As Landes put it (1969, p. 28), 'good innovators make good imitators.' But in the final analysis good innovators and good imitators are both produced by a society in which material and practical values are held in high esteem. If something works, it does not matter where it came from. When Europeans were exposed to new information, their sense of wonderment was, so to speak, soon replaced by the thought of how to exploit the new knowledge. When they 'discovered' the world after 1450, their chief purpose was to acquire wealth, either directly or by way of new information used to produce goods creating wealth. Gold, silver, spices, sugar, tea, and furs were directly imported into Europe; potatoes, tobacco, and maize were successfully transplanted. The test was always: is it useful? can it enrich me (or my king)? Typical of the Europeans' approach was the great Leibniz, who implored a Jesuit traveling to China 'not to worry so much about getting things European to the Chinese, but rather about getting remarkable Chinese inventions to us; otherwise little profit will be derived from the China mission' (cited in Bray, 1984, p. 569). Newton wrote that neither pride nor honor should stand in the way of the principle that the important thing was 'to learne, not teach' (Landes, 1969, p. 33).

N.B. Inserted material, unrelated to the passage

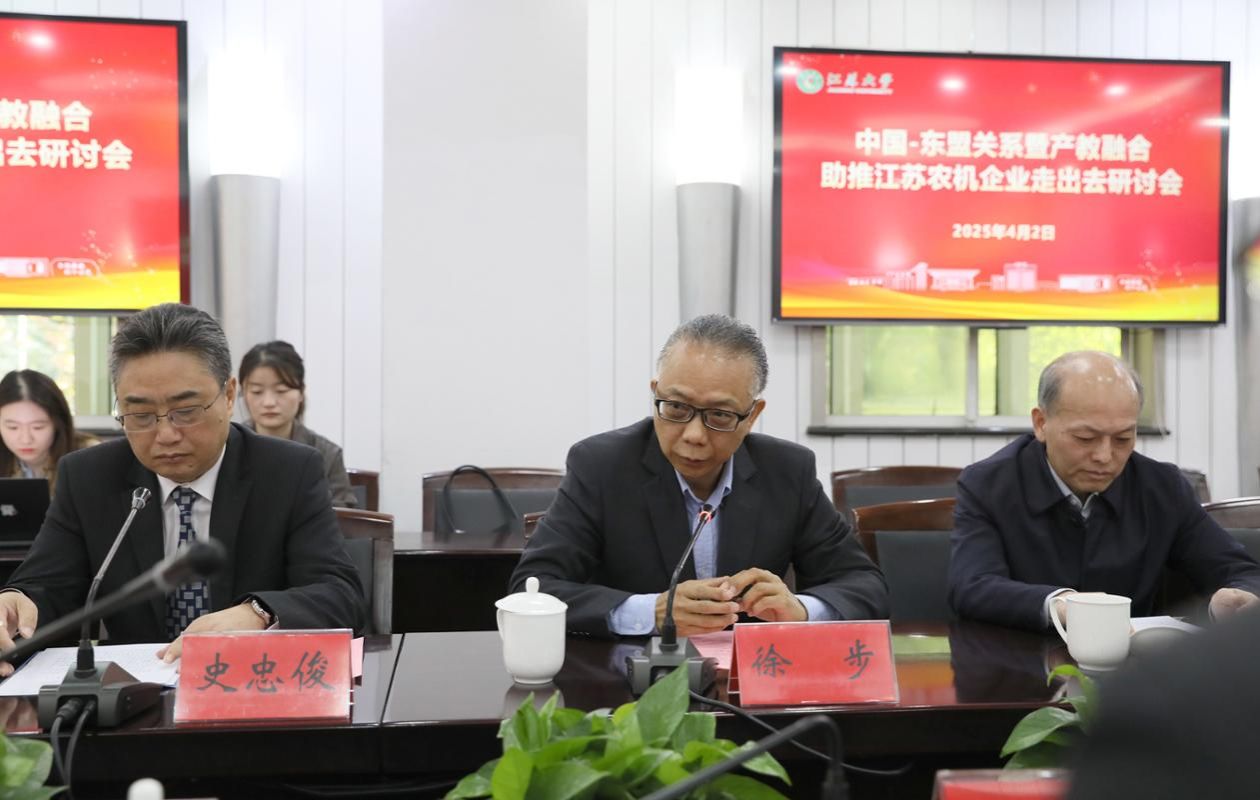 校长邢卫红、中国—东盟中心秘书长史忠俊、乐鱼官方体育网站原校长颜晓红、副校长蔡英凤、镇江市外办主任卢利林,中国—东盟中心、国际处、外国语学院、农业工程学院、智能农机装备理论与技术重点实验室、农业工程学部、食品与生物工程学院、流体机械工程技术研究中心等相关负责人,国防科技大学和南京大学相关领域专家学者,江苏沃得农机、江苏悦达智能农业装备有限公司、苏州久富农业机械有限公司、江苏江淮动力有限公司、江苏华源节水股份有限公司等企业代表出席会议参与研讨。会议由我校全球发展与安全研究院理事长徐步主持。

This approach to newly found lands differs radically from that of the Chinese, who toured parts of the world a few decades before Europe's explorations began in earnest. For the Chinese, the purpose of long voyages was to demonstrate the wealth and glory of China to the barbarians by means of lavish gifts, a laudable but ultimately prohibitively expensive policy. No wonder the Chinese terminated their explorations, while the Europeans carried on.

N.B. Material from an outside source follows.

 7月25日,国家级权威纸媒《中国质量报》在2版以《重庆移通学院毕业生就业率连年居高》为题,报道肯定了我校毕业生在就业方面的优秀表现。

Equally important, the Europeans were willing to learn from each other. Inventions such as the spinning wheel, the windmill, and the weight-driven clock recognized no boundaries. The printing press was no more a German invention than the telescope was a Dutch one or the knitting frame an English one. European shipbuilders often travelled on board ships to see the types of ships in use elsewhere (Unger, 1980, p. 23). From the fourteenth century on, sons of northern European merchants traveled to Italy to study the arte delta mercadanta, including commercial arithmetic and bookkeeping (Swetz, 1987, p. 12). In spite of the seemingly high barriers to long-distance communication, technological 'news' traveled well and fast in Europe, except, as we have seen, in the case of agriculture. Technologically creative societies started off as borrowers and typically soon turned into the generators and then the exporters of technology. In the seventeenth century, England was regarded as a backward society that depended on foreigners for its engineering and textile industries; by the nineteenth century, the directions were reversed. Modern-day East Asia finds itself in the same position.

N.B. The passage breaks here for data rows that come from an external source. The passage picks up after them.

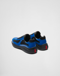 These patent leather sneakers with bike fabric inserts are inspired by an iconic aesthetic. The unmistakable Prada Linea Rossa logo on the tongue and sole enhances the design. - Product code: 4E3400_ASZ_F0C6S - Upper: patent leather and technical fabric - Prada Linea Rossa logo on the tongue and sole - 40 mm light, flexible rubber sole - Rubber tread - Imported MATERIALS Fabric/leather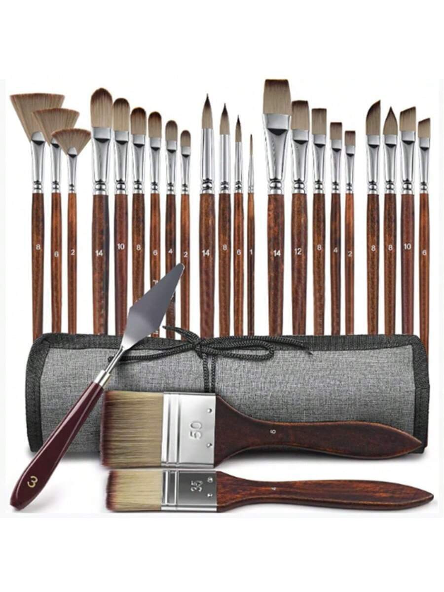 25pcs Paint Brush Set, Acrylic Paint Brushes Professional Artist Series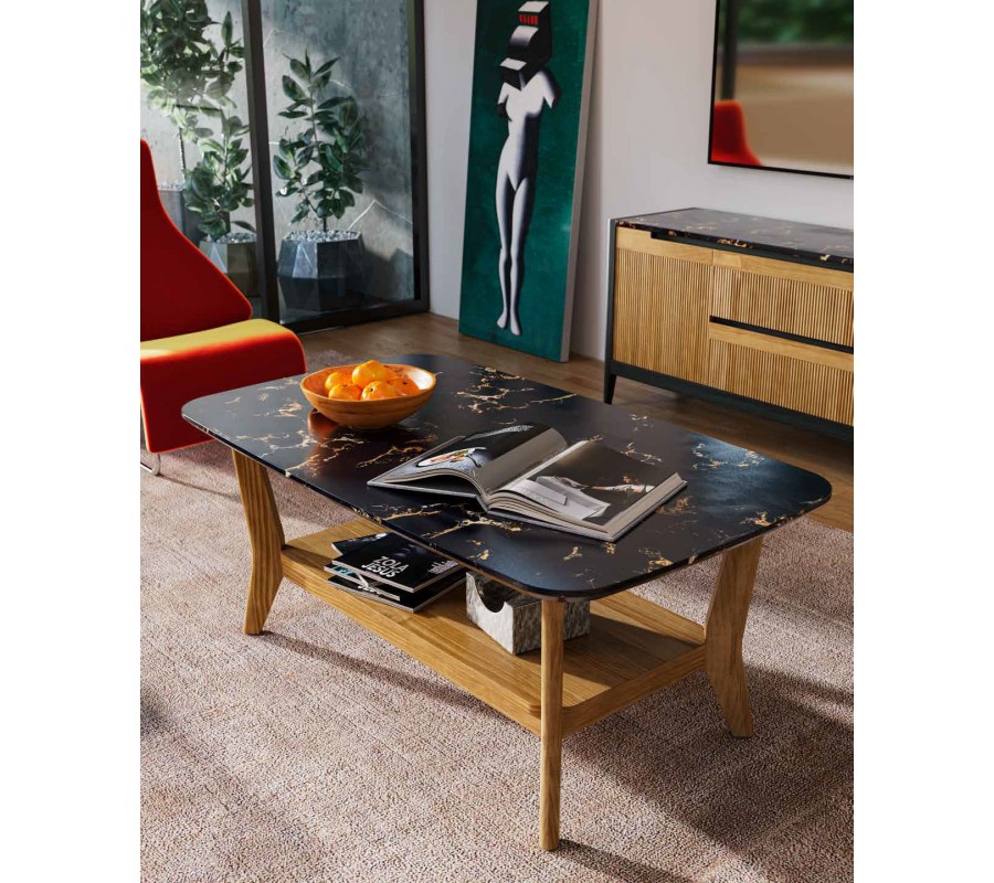 Vrchná doska je vyhotovená v mramorovom dizajne alebo v lakovanom drevenom prevedení, vždy podľa výberu zákazníka. Na výber je viacero typov mramorových dekorov, prípadne možnosť zvoliť čisto drevenú, lakovanú dosku, vďaka čomu sa charakter stolíka dá výrazne prispôsobiť konkrétnemu interiéru. Jemne zaoblené hrany dosky opticky zjemňujú siluetu stolíka a vytvárajú harmonický kontrast k líniám podnožia.

Societies also differed in their willingness to challenge the accumulated knowledge of earlier generations and in their tolerance toward 'heretics' who did. Some societies, especially Islam and Judaism, eventually developed a notion that earlier sages had already discovered everything there was to discover, and that challenging their knowledge was sacrilegious. Lewis (1982, pp. 229-30) argues that Islamic tradition eventually came to believe that all useful knowledge had been acquired and all questions had been answered so that all one had to do was repeat and obey. From the later Middle Ages on 'Muslim science consisted almost entirely of compilation and repetition.' The inferiority complex vis-a-vis earlier generations imposed a constraint on the generation of new knowledge. Lewis points out that in the Islamic tradition the term bidaa (innovation), acquired the same negative connotation as 'heresy' did in the West. A particularly bad form of bidaa was imitating the infidel; the only exception allowed was military technology used in a holy war. Whether this conservatism can be blamed for the slowing down of technological progress is not entirely clear. It is possible that both scientific and technological progress ran into a barrier of conservatism that had causes outside religion, and this barrier was reinforced by reactionary religious elements. After all, in its early centuries the Islamic world had been curious and almost obsessive in its thirst for the learning of other civilizations, including technological knowledge. Moreover, new ideas could have emerged under the guise of exegesis.